What is Flash Loan?
In the early days without flash loan, if a user wants a loan, collateral must be provided to the lending platform in order to borrow some assets. The user needs to repay the loan together with an interest to get the collateral back.
Flash loan is a method of lending that allows users to borrow an enormous amount of assets with no required collateral. The only condition is that the borrowed asset must be returned within the same transaction of the lending, otherwise, the transaction will be reverted.
With this service, the user can utilize the borrowed asset for several purposes, including, but not limited to arbitrage, liquidation, or collateral swap. However, this kind of loan can be a double-edged sword for the DeFi ecosystem. This is because other than legitimate purposes, a large number of smart contract attacks as of late are also done using flash loans. Due to the availability of funds without any collateral needed, it has become one of the most impactful techniques used in smart contract attacks, and it is getting more prevalent. These loans can be taken from lending platforms such as Aave or dYdX, and interestingly, AMM platforms that are based on UniswapV2.
Performing a Swap on UniswapV2
Generally, in the order to perform a swap on UniswapV2, two main contracts are used: UniswapV2Router
, and UniswapV2Pair
.
When a user performs swapping on the web UI, they are executing the swapping helper function of UniswapV2Router
.
UniswapV2Router
is a helper contract that helps with calculating the “out” token amount that the user would get back, checking the price slippage, transferring the “in” token to the UniswapV2Pair
, and executing the actual swap
function in UniswapV2Pair
contract.
The swap
function is the core function responsible for the actual token swapping.
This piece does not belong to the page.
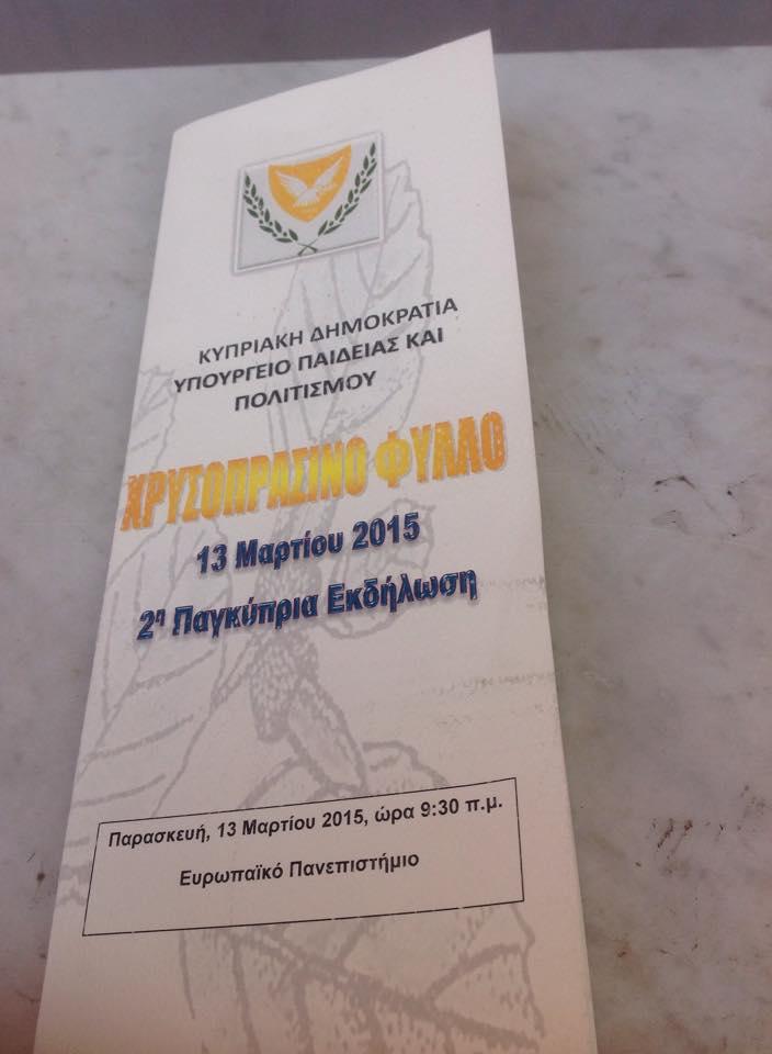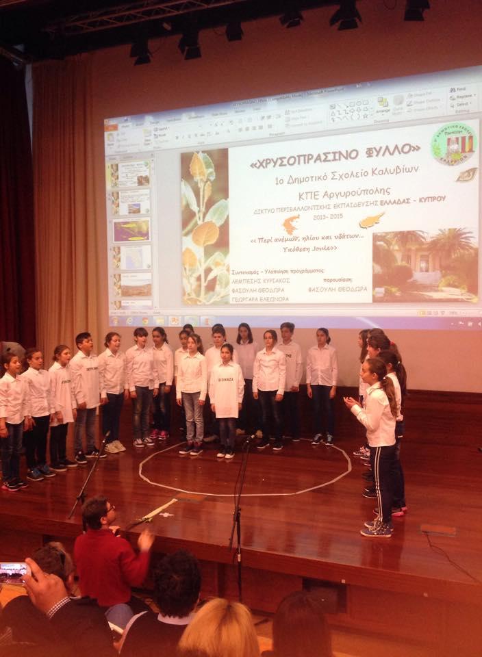 Οι μαθητές των δυο Δημοτικών Σχολείων παρουσίασαν τις εργασίες τους στην κοινή εκδήλωση που πραγματοποιήθηκε την Πέμπτη, 12 Μαρτίου στην αίθουσα εκδηλώσεων του κυπριακού δημοτικού σχολείου σε θέματα περιβαλλοντικής εκπαίδευσης. Την Παρασκευή, 13 Μαρτίου πραγματοποιήθηκε εκδήλωση στο Ευρωπαϊκό Πανεπιστήμιο Κύπρου όπου παρουσιάστηκαν οι εργασίες όλων τα των σχολείων που συμμετέχουν στο πρόγραμμα των Διευθυντών των σχολείων, των εκπαιδευτικών, των Δημάρχων Σαρωνικού και Μέσα Γειτονιάς αλλά και του Υπουργού Παιδείας και Πολιτισμού Κύπρου Δρ. Κώστα Καδή.
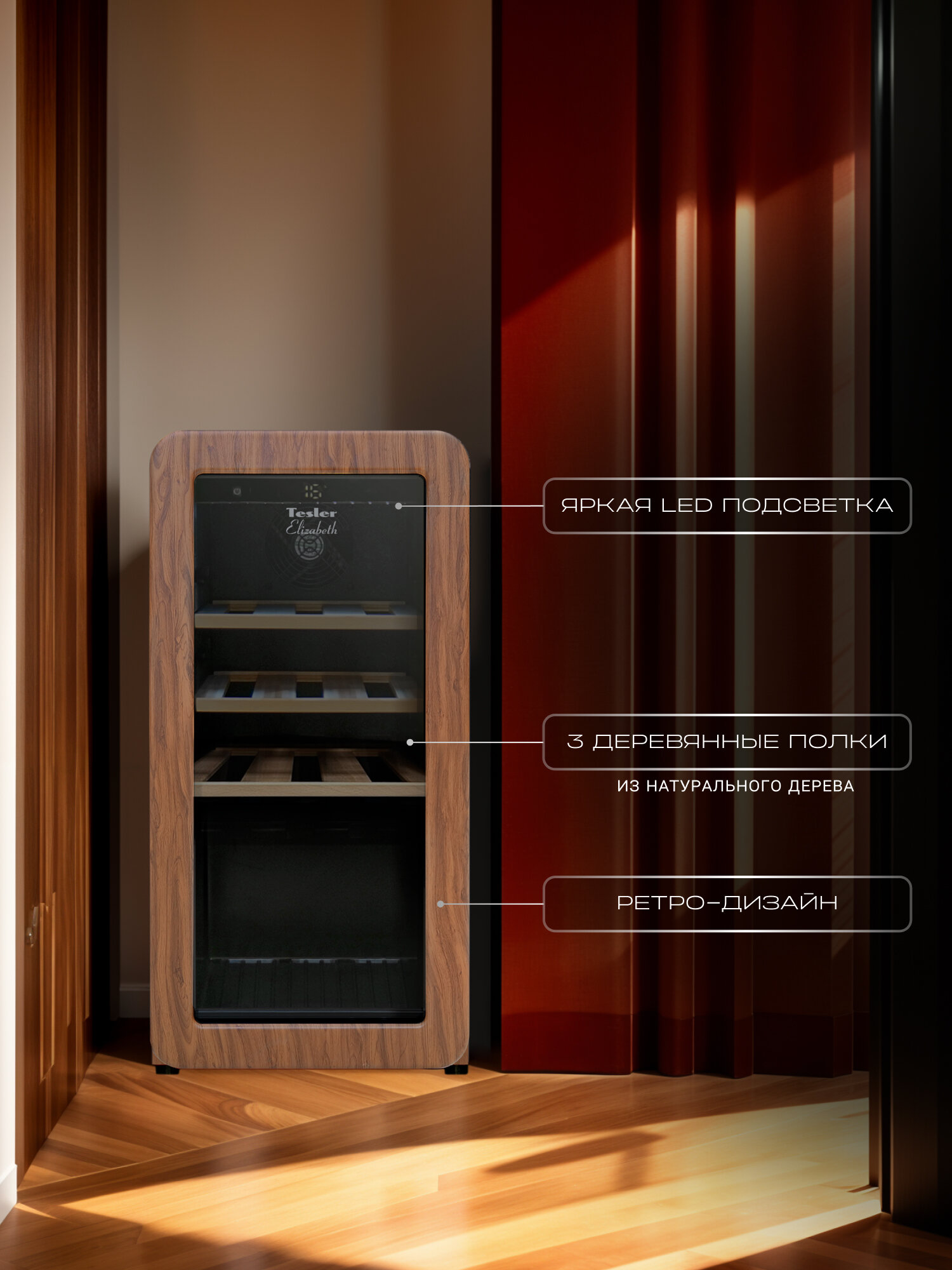 | Емкость винного шкафа, бут. | 18 |

With the “in” amount transferred to the UniswapV2Pair
contract, this function transfers the “out” token amount to the recipient’s address, then calculates the balances of the token pair, making sure that no token is missing, and the fee is collected.
Performing a Flash Loan
As can be seen in the swap
function, we don’t actually need to perform the swapping through the UniswapV2Router
contract. The only requirement is to transfer an amount of token to the contract and make sure that the calculation of K
from the balances at the end of the function execution is valid.
Typically, from the flow of the execution, we need to transfer our token to the UniswapV2Pair
contract before calling the swap
function. However, there is a “special feature” in the swap
function that allows external contract calling on line 172:
if (data.length > 0) IUniswapV2Callee(to).uniswapV2Call(msg.sender, amount0Out, amount1Out, data);
This line of code checks the existence of value in the data
variable and calls the uniswapV2Call
function of the recipient address to
. This is done after the “out” token has been transferred out, but before the balances are checked, this means that we can get the “out” token from the UniswapV2Pair
contract first, before transferring the token back in to make the calculation of K
valid.
The token transferred to the recipient can be used for any purpose written in the uniswapV2Call
function, as long as the amount is repaid to the UniswapV2Pair
contract together with the fee. This is basically a flash loan, or “Flash Swap” as called by Uniswap since the loan can be repaid using either side of the pair.